A tarde caminhava para sua despedida e alguns raios de sol ainda teimavam em iluminar a Rua 2, na então calma e tranquila cidade de Rio Claro/SP na década de 1960.
Em nossa antiga casa meus pais apoiados no parapeito existente na área de entrada, olhavam o movimento naquele final de tarde.
Ao lado deles, eu ainda adolescente, também apreciava aquele término de dia.
De repente um carro de coloração alaranjada, não me lembro bem se era Renault Dauphine ou Gordini, estacionou na calçada do lado oposto. De seu interior saiu uma família que até então desconhecíamos.Eram os pais e quatro crianças. Na sequência todos entraram em uma casa distante apenas alguns metros de onde estávamos.
Era a família Serzedello que chegava de mudança para nossa cidade.
Com o passar dos dias os contatos com os vizinhos começaram e de imediato a reação de todos foi altamente positiva.
O pai, professor doutor Alcides Serzedello, iniciava seu trabalho na Faculdade de Filosofia Ciências e Letras de Rio Claro, atual UNESP.
D. Lydia, sua esposa, pessoa extremamente educada e seus quatro filhos logo ganharam a simpatia da turma da Rua 2 como costumávamos nos identificar.

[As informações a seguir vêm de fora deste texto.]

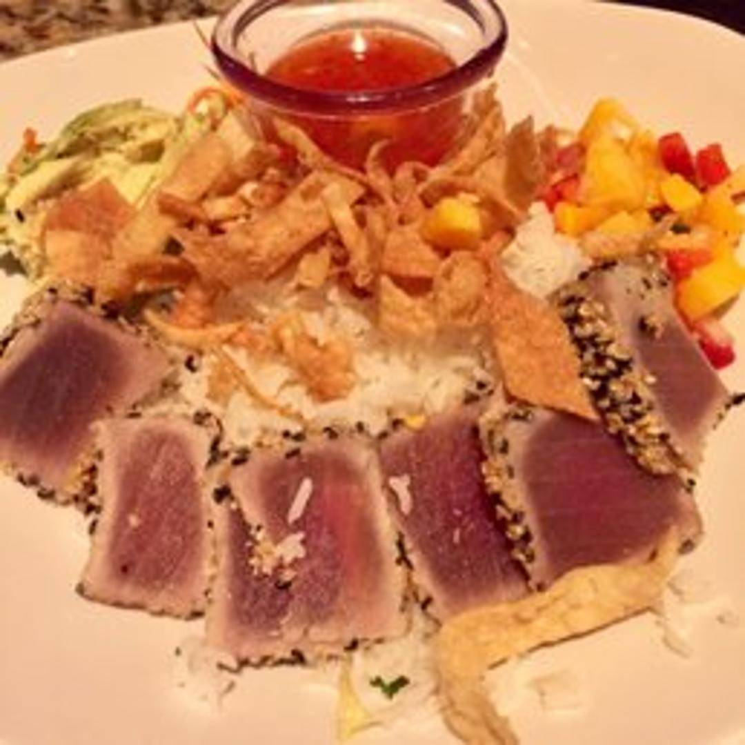 A vibrant and flavorful bowl featuring fresh, sushi-grade tuna cubes tossed in a piquant sauce, often accompanied by a base of perfectly cooked rice, crisp vegetables, and additional toppings like avocado, edamame, or scallions for a complete and satisfying meal.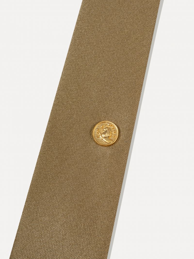 슬림한 라인의 타이 14K 골드 플레이트 하드웨어 안쪽 고정이 가능한 루프 형태감을 유지해주는 탄탄한 두께감의 심지 사용 섬세한 조직감과 매트한 광택감으로 고급스러운 외관을 지닌 슬림 타이 입니다. 자체 개발한 14K 골드 도금된 원형 브로치 장식이 고정되어 있어 은은한 포인트가 되어줍니다. 캐주얼 웨어와 포멀 웨어에 모두 어울리는 제품으로 다양한 스타일에 활용해 보시기 바랍니다. |

Naqueles tempos, anos finais da década de 1960, ainda havia a possibilidade de crianças brincarem livremente na rua. Foi assim que Juliana e mais tarde Lélia, tornaram-se amigas de infância de minha irmã.
Era comum vê-las juntamente com outras amigas de idades próximas, como Maria Inês e Fátima, correrem pelas calçadas em suas brincadeiras no início de cada noite.

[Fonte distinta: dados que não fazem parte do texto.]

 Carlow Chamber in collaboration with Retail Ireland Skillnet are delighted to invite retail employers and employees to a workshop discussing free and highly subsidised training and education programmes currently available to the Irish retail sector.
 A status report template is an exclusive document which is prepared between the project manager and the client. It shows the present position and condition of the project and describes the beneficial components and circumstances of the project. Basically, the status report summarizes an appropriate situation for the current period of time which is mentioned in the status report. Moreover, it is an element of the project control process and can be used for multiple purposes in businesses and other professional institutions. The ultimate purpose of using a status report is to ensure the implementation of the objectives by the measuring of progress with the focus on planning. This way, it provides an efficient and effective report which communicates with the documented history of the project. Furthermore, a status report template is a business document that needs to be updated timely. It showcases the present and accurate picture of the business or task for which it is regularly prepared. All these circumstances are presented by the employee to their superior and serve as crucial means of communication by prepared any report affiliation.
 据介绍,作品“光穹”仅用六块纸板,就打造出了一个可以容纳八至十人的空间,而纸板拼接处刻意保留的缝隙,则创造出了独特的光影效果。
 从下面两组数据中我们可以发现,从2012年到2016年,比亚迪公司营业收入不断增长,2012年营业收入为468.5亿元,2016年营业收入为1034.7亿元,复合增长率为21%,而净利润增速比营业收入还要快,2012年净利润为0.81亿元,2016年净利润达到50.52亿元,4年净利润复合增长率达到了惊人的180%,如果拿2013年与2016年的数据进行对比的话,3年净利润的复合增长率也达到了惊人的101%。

Lembro-me bem que nesta época uma das modas para as meninas era usarem várias pulseiras de plástico duro, todas bem coloridas.
Juliana e Lélia tinham estes acessórios.
Este detalhe memorizei graças a um motivo especial.

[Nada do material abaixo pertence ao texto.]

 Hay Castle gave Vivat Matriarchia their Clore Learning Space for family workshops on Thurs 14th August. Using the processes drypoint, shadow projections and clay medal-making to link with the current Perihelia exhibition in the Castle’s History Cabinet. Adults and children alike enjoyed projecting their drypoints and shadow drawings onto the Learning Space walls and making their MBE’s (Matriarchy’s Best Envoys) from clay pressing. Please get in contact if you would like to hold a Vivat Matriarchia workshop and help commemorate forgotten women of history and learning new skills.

Minha irmã nem sempre tinha autorização para estar na rua brincando. Vez ou outra recebia, devido a algumas traquinagens, o castigo de ficar em seu quarto sem encontrar as amigas.
O desespero maior dela era justamente ficar presa em casa enquanto ouvia o barulho característico das pulseiras chacoalhando nos braços das meninas enquanto corriam na rua durante as brincadeiras de pega-pega. Ouvir aquele som e não poder estar junto às amigas, era mesmo o pior castigo para a menina.
O tempo passou e só ampliou o bem querer de todos em relação à família Serzedello.
Os pais, além de suas atividades diárias, também eram bem atuantes na comunidade desempenhando várias funções filantrópicas; os filhos crescendo e sempre demonstrando muita educação, responsabilidade e gentileza.
Graças às redes sociais pude retomar o contato com as meninas, agoras mulheres, mesmo morando há anos em outra cidade e portanto, distante da minha querida Rua 2.
Na verdade pelo que lembro a única pessoa que continuou a morar naquela quadra foi justamente Juliana. Todos os vizinhos antigos mudaram-se e muitas casas comerciais surgiram na região, pois o centro da cidade se expandiu.
Hoje logo pela manhã, recebi a notícia da partida de Juliana.
Foi um susto!
Há pouco tempo trocamos mensagens. Como sempre foi gentil e delicada, comentando sobre o recente falecimento de Luiz, pessoa de meu relacionamento. Eu desconhecia qualquer problema mais sério com Juliana.
Ao receber a notícia de sua partida veio de imediato a lembrança daquela tarde em que a família chegara de mudança para nossa rua!
Muita tristeza com sua partida Juliana!
Com certeza será luz onde quer que esteja, pois aqui entre nós sei que iluminou a vida de muita gente.
Siga em paz ao encontro do Pai.
Santos, 1 de outubro de 2025.
Para Juliana Serzedello (em memória).